3) You know, this might be a continuity issue or it might be addressed soon, but the entire universe thinks the Doctor is dead. How is he able to do anything at all? Again, I feel teased!

On top of this, while it was emotionally devastating to learn that Oswin was actually a Dalek the entire time, I got to thinking about how betrayed I felt by her characterization. So, how much of what we experienced and saw was Oswin’s original personality? What part of it was real, and which was just a projection of a Dalek? I mean, she was a puppet, essentially, even when she became aware of who she was. So… what? How does this work?

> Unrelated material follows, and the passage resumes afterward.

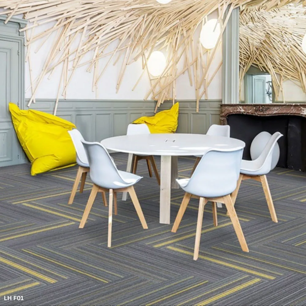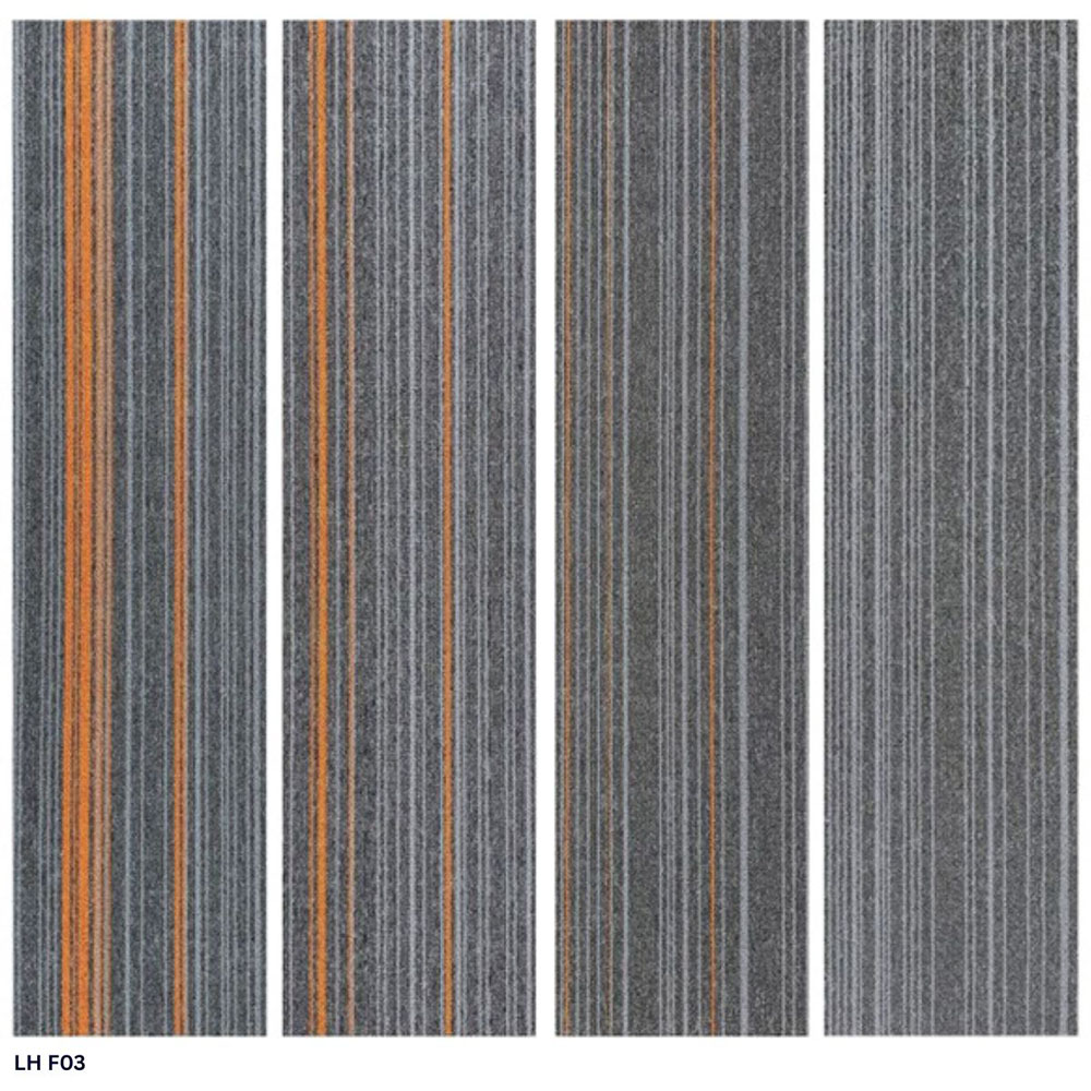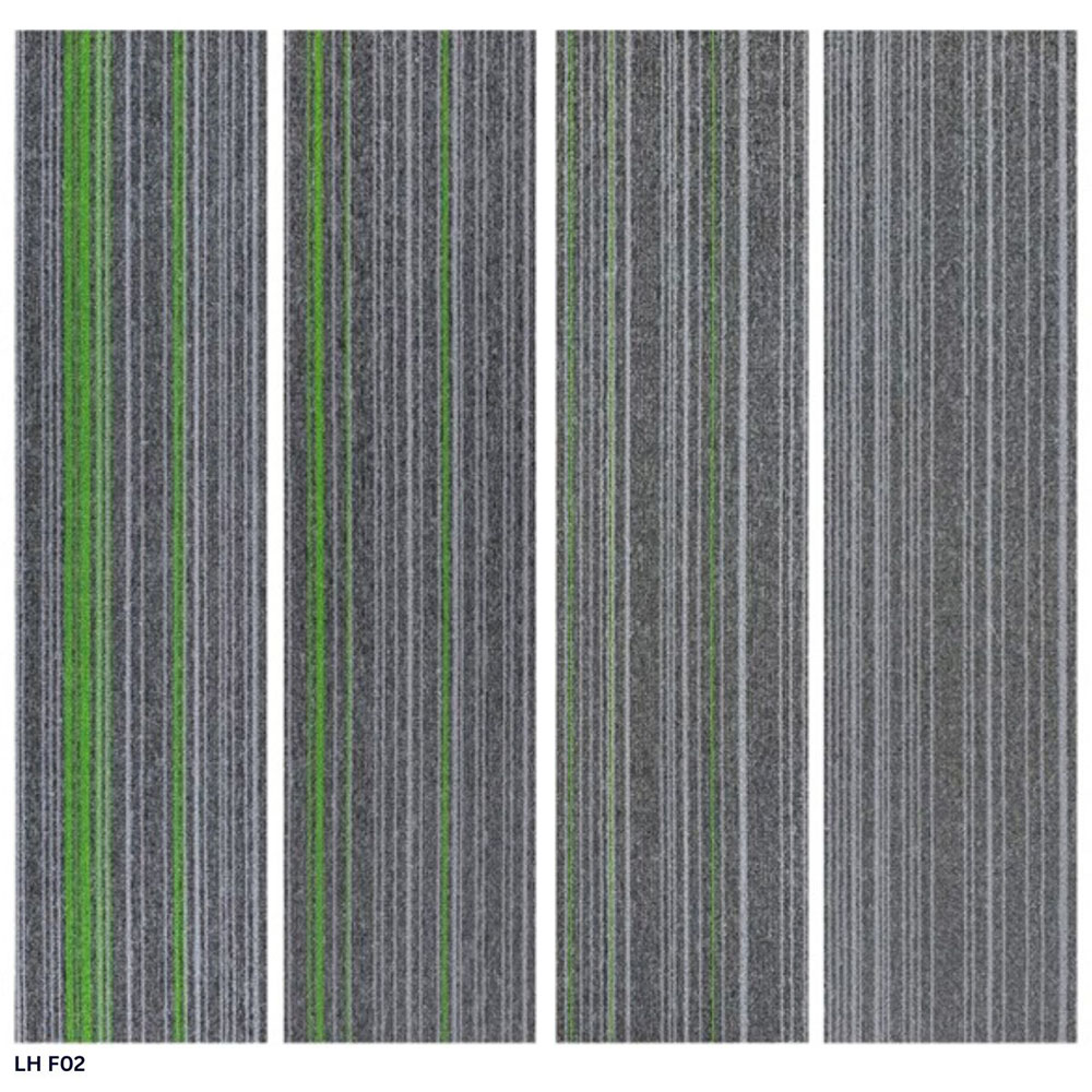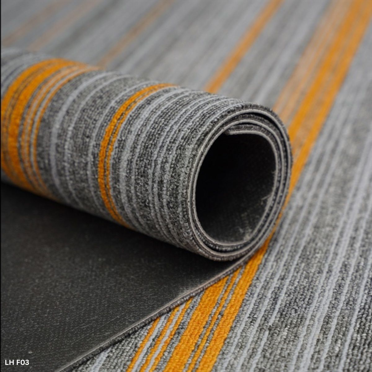 Thảm gạch Newline là dòng sản phẩm nổi bật với thiết kế sọc dọc hiện đại, tinh tế, kết hợp hài hòa giữa các tông màu xám chủ đạo và các đường nhấn màu neon đầy sáng tạo. Họa tiết này không chỉ tạo cảm giác chuyển động thị giác mà còn mang lại chiều sâu và sự cá tính cho không gian lắp đặt.

I ultimately was glad the show was back and happy that the first episode did not appear to introduce any series-long mythology. The idea behind “Asylum of the Dalkes” was strong, but its execution left me wanting more. You know, I’m aware that this might just come down to taste, but watching RTD’s seasons or even other shows that have serialized stories, I rarely feel like I’m being manipulated or toyed with by the writers, at least not to this extent. When I watch Doctor Who, I want to lose myself in the fantastical and absurd narrative, and this storytelling trick of Moffat’s has gotten tiresome for me. I am constantly pulled out of the story by the dangling carrot, and I’m at a point with this show where I just want to never see a carrot again. Give me more of Eleven being sassy, more of the Ponds being adorable, and less attempts to blow my mind with secrets and plot twists.

Oh, and bring back Oswin, please.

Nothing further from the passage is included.